Karel Freja

Personal information
- Date of birth: 17 November 1877
- Place of birth: Old Town (Prague), Bohemia, Austria-Hungary
- Date of death: 30 April 1937 (aged 59)
- Place of death: New Town (Prague), Czechoslovakia
- Height: 1.65 m (5 ft 5 in)
- Position: Forward

Senior career*
- Years: Team / Apps / (Gls)
- 1896–1900: Slavia Prague / 17 / (12)
- 1900–1901: ČAFC Vinohrady

= Karel Freja =

Czech footballer (1877–1937)

Karel Freja (17 November 1877 – 30 April 1937) was a Czech footballer who played as a forward.

== Early life ==
Karel Freja was born on 17 November 1877 in the Old Town of Prague. He spent the period between 1888 and 1899 studying at the grammar school. He attended the Municipal High School, which was located in a beautiful building in today's Hellichová (then Novodvorská) Street in Malá Strana.

Even as a high school student, Karel Freja took part in progressive events. Being active in the progressive movement caused Freja serious problems at school. National newspapers later wrote about him after the First World War: "he was already at the gymnasium on four with a disciplinary order for activity in the progressive movement."

Football became very popular among high school students. It was played by students of both the Malostran grammar school and the real school. The groups used the names of schools or regions, and thus the Malostransky student football club was created. Under the leadership of Freja, the Malostransky circle played a number of matches. On 28 September 1895, he even beat Sparta on its then-ground in Invalidovna.

== Club career ==
In the spring of 1896 the entire Malostranský circle joined the SK Slavia Prague football team, as well as students from the real gymnasium in Křemencova Street.

Freja became Slavia's first captain and also its first centre forward. He most likely already played in the premiere match, the line-up of which has not been preserved. Freja was the first great figure of Czech football. Freja once again introduced iron discipline as team captain. Freja played 17 games and scored 12 goals for Slavia Prague. Freja was Slavia Prague's best player until 1900, then he moved to ČAFC Vinohrady.

==Later career ==
He graduated as a doctor on 24 January 1911. He then went to Mladá Boleslav, where he worked as a doctor in the district hospital and also acted as a football referee. During the Balkan war against Turkey from 1912 to 1913, Freja was a volunteer member of the Czech Medical Auxiliary Corps on the Montenegrin battlefield. Immediately after the announcement of mobilisation in July 1914, Freja went to the Galician fortress town of Přemyšl. This was followed by captivity, service in the Kiev evacuation hospital, work as a surgeon in the field hospital of the Serbian volunteer corps and other places of work. He travelled from the Thessaloniki front to Cognac, France at the end of the war, when he was assigned to the 23rd Czechoslovak Rifle Regiment as its chief physician. He returned to his homeland with the regimental headquarters on 14 January 1919.
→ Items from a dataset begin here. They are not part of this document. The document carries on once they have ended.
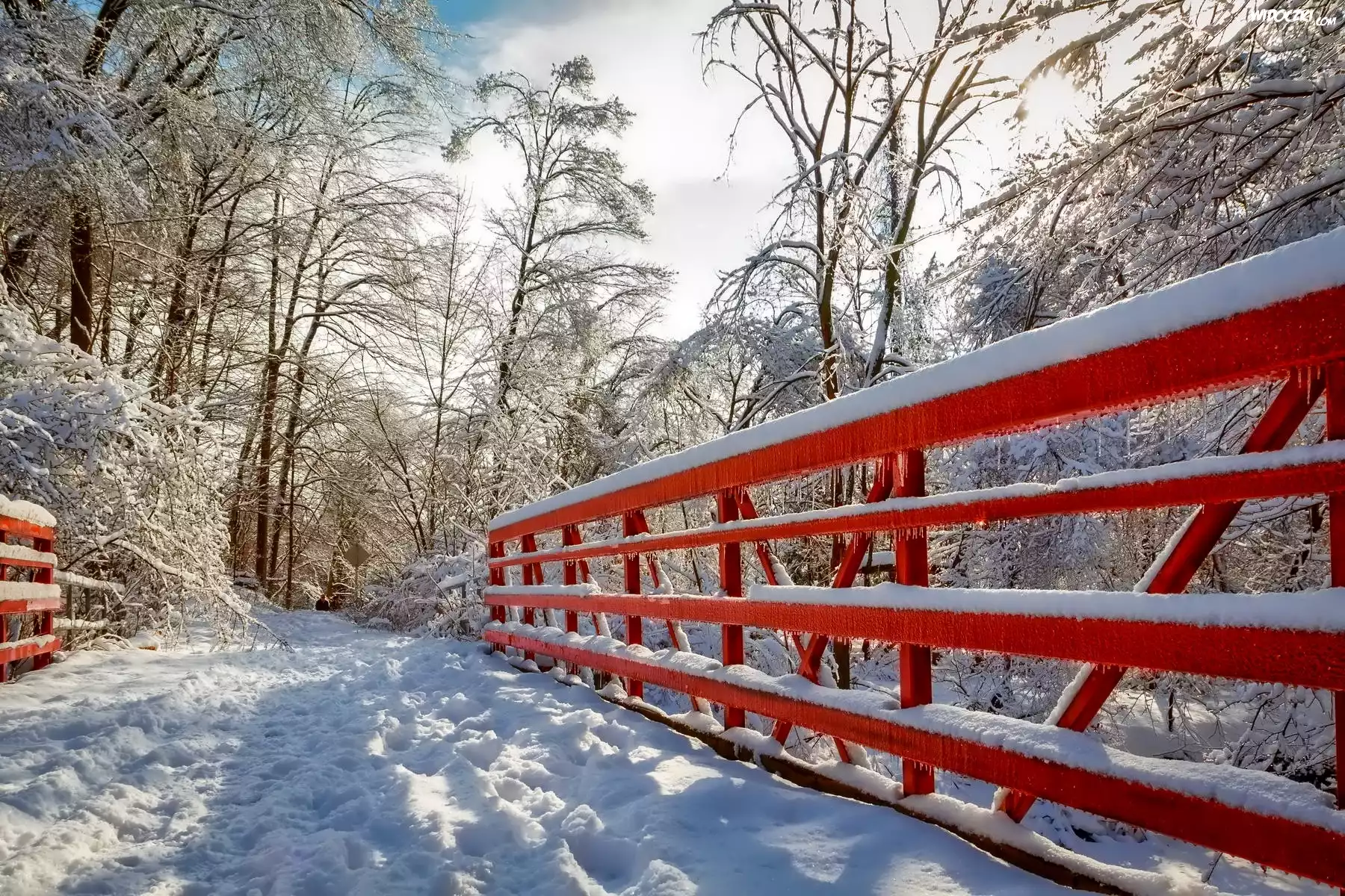 Zdjęcia, Zima, Most, Oblodzona, Poręcz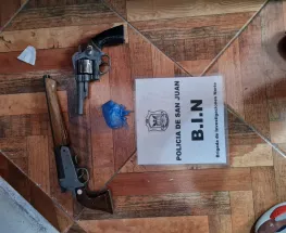Los investigadores de la Central de Policia, hicieron varios allanamientos. En una realizado en Caucete incautaron las armas y varios celulares de dudosa procedencia.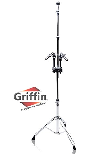 Double Tom Drum Stand with Cymbal Arm by Griffin | Premium Percussion Set Hardware with Dual Drum Mounts|Medium Duty Tom Holder with Double Braced Tripod Legs|Accommodates All Standard Cymbals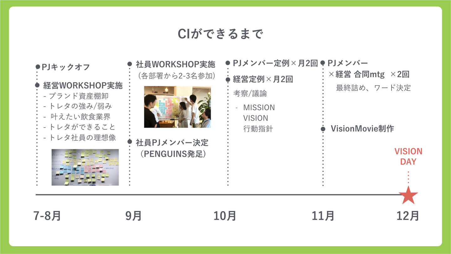 VISIONDAYでの新CI発表に向け、どのように進めたかスケジュールはこちらの図をご参照ください。

After the dissolution of the legions, he joined the Czechoslovak army, on 13 November 1930, he was promoted to colonel of the health service. For his participation in military conflicts, he received many orders, military crosses, decorations and medals. He was evaluated almost exclusively positively by his commanders. He is said to have been direct, open and manly in character, a highly intelligent and conscientious officer who had a good influence over his subordinates and maintained discipline. He is also characterised as a diligent doctor with a good education in the field of dental and surgical diseases.

==Later life==
On 1 January 1935, Freja transferred to retirement. He died after a long and serious illness at the age of 59 in the general hospital in Prague from cirrhosis of the liver on 30 April 1937. His remains have been located in the scattered meadow at the Malvazinky Cemetery in Smíchov since the first half of the 1980s.